__Task to carry out__
Write out all the data verbatim. Skip images.

__Provided material__

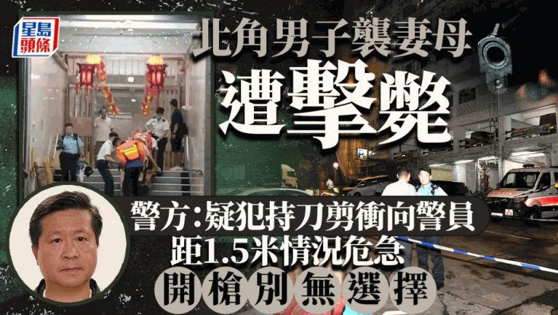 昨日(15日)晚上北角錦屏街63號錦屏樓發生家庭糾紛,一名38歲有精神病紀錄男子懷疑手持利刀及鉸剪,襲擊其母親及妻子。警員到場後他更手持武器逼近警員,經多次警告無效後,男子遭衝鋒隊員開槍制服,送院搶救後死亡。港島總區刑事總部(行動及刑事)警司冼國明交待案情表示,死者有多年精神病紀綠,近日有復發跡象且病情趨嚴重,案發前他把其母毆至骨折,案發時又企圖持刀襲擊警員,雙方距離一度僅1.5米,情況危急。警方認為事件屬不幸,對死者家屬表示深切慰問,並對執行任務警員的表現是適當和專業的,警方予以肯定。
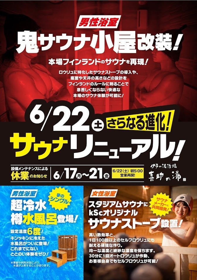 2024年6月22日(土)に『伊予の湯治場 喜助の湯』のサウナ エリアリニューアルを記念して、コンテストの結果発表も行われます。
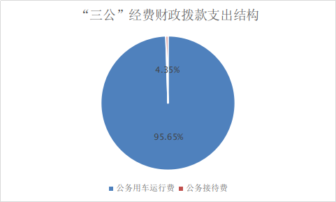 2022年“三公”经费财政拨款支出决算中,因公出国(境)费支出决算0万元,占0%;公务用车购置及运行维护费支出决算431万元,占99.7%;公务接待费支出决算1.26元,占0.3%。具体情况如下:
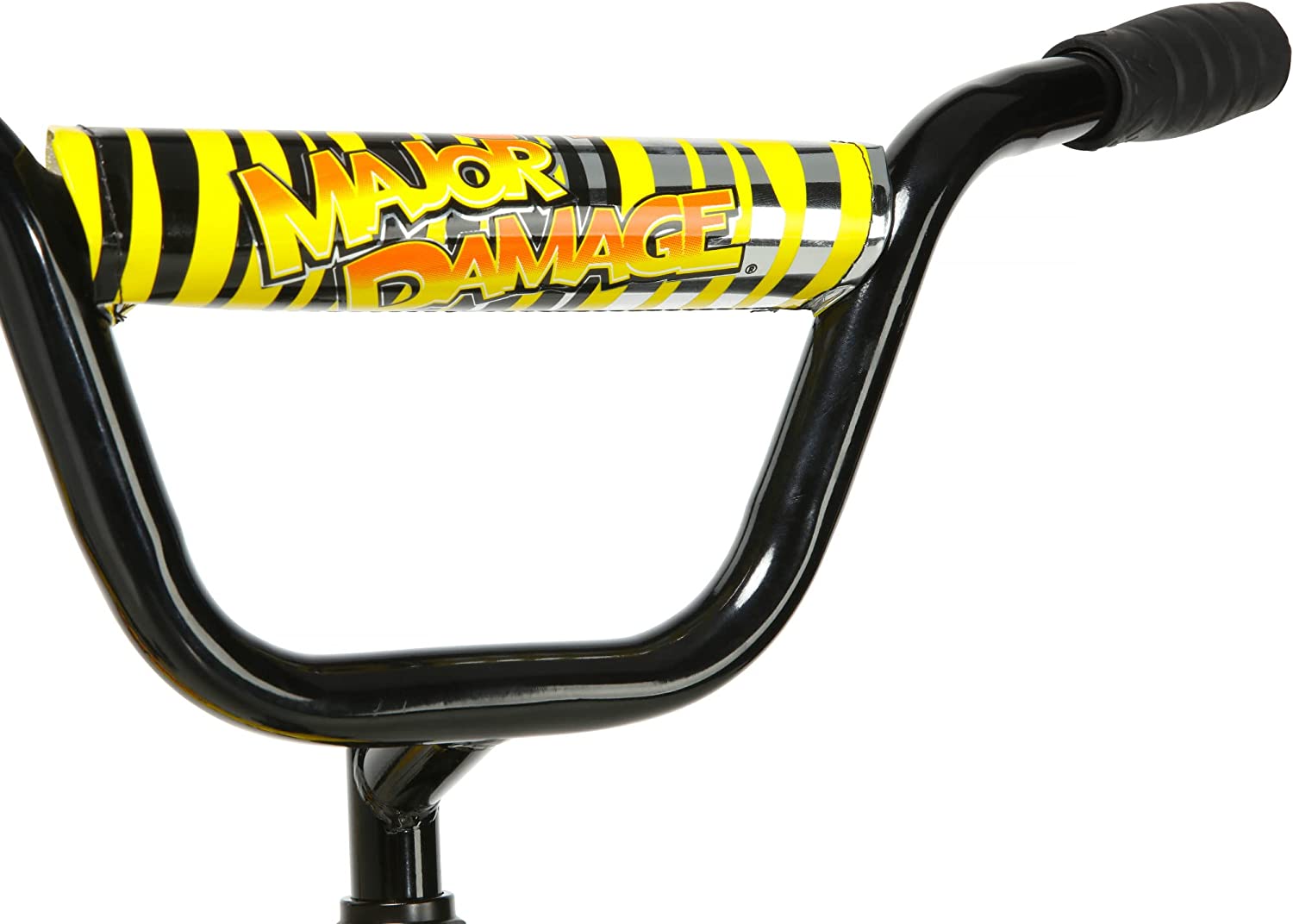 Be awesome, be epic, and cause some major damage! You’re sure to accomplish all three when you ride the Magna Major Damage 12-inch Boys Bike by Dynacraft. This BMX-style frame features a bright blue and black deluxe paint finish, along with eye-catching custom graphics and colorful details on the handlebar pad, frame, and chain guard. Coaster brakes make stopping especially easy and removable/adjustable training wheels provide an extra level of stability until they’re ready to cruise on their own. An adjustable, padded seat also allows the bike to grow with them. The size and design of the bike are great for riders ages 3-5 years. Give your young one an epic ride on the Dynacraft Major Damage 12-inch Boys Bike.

__Answer section__
 昨日(15日)晚上北角錦屏街63號錦屏樓發生家庭糾紛,一名38歲有精神病紀錄男子懷疑手持利刀及鉸剪,襲擊其母親及妻子。警員到場後他更手持武器逼近警員,經多次警告無效後,男子遭衝鋒隊員開槍制服,送院搶救後死亡。港島總區刑事總部(行動及刑事)警司冼國明交待案情表示,死者有多年精神病紀綠,近日有復發跡象且病情趨嚴重,案發前他把其母毆至骨折,案發時又企圖持刀襲擊警員,雙方距離一度僅1.5米,情況危急。警方認為事件屬不幸,對死者家屬表示深切慰問,並對執行任務警員的表現是適當和專業的,警方予以肯定。
 2024年6月22日(土)に『伊予の湯治場 喜助の湯』のサウナ エリアリニューアルを記念して、コンテストの結果発表も行われます。
 2022年“三公”经费财政拨款支出决算中,因公出国(境)费支出决算0万元,占0%;公务用车购置及运行维护费支出决算431万元,占99.7%;公务接待费支出决算1.26元,占0.3%。具体情况如下:
 Be awesome, be epic, and cause some major damage! You’re sure to accomplish all three when you ride the Magna Major Damage 12-inch Boys Bike by Dynacraft. This BMX-style frame features a bright blue and black deluxe paint finish, along with eye-catching custom graphics and colorful details on the handlebar pad, frame, and chain guard. Coaster brakes make stopping especially easy and removable/adjustable training wheels provide an extra level of stability until they’re ready to cruise on their own. An adjustable, padded seat also allows the bike to grow with them. The size and design of the bike are great for riders ages 3-5 years. Give your young one an epic ride on the Dynacraft Major Damage 12-inch Boys Bike.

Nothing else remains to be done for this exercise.